I don't have an answer for you...

But maybe I am having a similar problem.  I have setup the Voicemeeter macros to recieve a midi command from my controller and send a keyboard shortcut.  But OBS only seems to respond to the shortcut when OBS is on top.  Is there a setting that I am missing?


----------



## JasperKuiper (Dec 17, 2020)

Did you find a solution, because I have the similar if not same problem.

In OBS Studio I've assigned keyboard shortcuts (eg CTRL+ALT+SHIFT+1). This works from the keyboard all the time.

I'm also using an Akai APC mini as a midi input device. Keystrokes on the Akai are registered correctly by VM Macro buttons. 
VM Macro buttons then does a "System.KeyPress("CTRL+ALT+SHIFT+1");". 
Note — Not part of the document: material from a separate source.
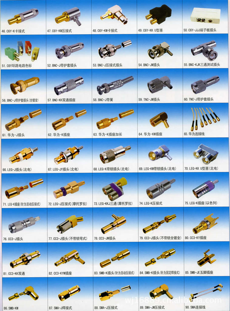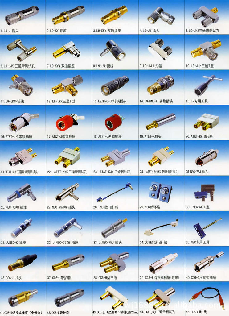 L9-J插头、L9-KY插头、L9-KKY双通插头、L9-JW插头、L9-JKJ三通带测试孔、L9-JJK三通带测试孔、L9-KYW双通插座、L9-JW-接线、L9-JJU型塞、L9-JJ三T型、L9-JKW-接线、L9-JKK三通T型、L9/BNC-JK转换插头、L9专用工具、AT&T-J不带锁插头、AT&T-J带锁插头、AT&T-J两脚插座、AT&T-K插头、AT&T-KKU型塞、AT&T-KJK三通带锁测试插头、AT&T-KKK三通带测试孔、NEC-75J插头、NEC-75KW插座、NEC-75JKM插头、NEC型跳线、NEC新环路、NEC-KKU型、大NEC-K插座、大NEC-75KW插座、大NEC-75J插头、大NEC型跳线、NEC专用工具、CC6-J插头、CC6-J带护套、CC6-H型三通、CC6-K焊接式插座(镀银)、CC6-K压接式插座、CC6-K焊接式插座(全镀金)、CC6-K带护套、CC6-JJU塞型(针与针间距20MM)、CC6-JKJ三通带测试孔、CC6-K跳线、C6Y-K卡接式、C6Y-KW压接式、C6Y-KW卡接式、C6Y-KKU型塞、C6Y-JJJ端子板插头、C6Y环路电路色标、BNC-J带护套插头、BNC-J压接式插头、BNC-JW插头、BNC-KJK三通测试插头、BNC-J带护套插头(全镀金)、BNC-KK双通插座、BNC-J带簧、TNC-JW插头、TNC-J带护套插头、华为-J插头、华为-K插头、华为-K插座加长、华为-KW插座、华为连接器、LEG-J插头(北电)、LEG-JY插头(北电)、LEG-KW带锁插头(北电)、LEG-KKU型塞(北电)、LEG-K插座(针为活动压接式)、LEG-J压接式(摩托罗拉)、LEG-K压接式、LEG-K插座(以色列)、CC3-KK双通、CC3-KYW插座、CC3-JW插头、CC3-J插头(不带锁全镀金)、CC3-KY插座、NEC专用工具,CC3-KK双通、CC3-KYW插座、SMB-K插座(针为活动压接式)、SMB-K插头(针为固定焊接式)、SMB-JE五脚插座、SMB-KW、SMA-JK焊接式、SMA-JW压接式、SMA连接式。

This works great when OBS Studio is active. 
However, while working in another program, it will not work. Putting OBS "always on top" (foreground) does not help either (working on multiple monitors so OBS isn't in the way).


----------



## JasperKuiper (Dec 17, 2020)

SOLVED:
(don't let the timestamps fool you, it took me way longer than 20 minutes to figure it out)

The solution is *NOT* to use System.KeyPress in the "Request for Button ON / Trigger IN" box.
Instead, use *System.KeyDown*.
Then use *System.KeyUp* in the "Request for Button OFF / Trigger OUT" box, using the same keyboard shortcut combination.





NB the System.SendMidi commands are used to change LED color on the MIDI-controller, not relevant to this case.


----------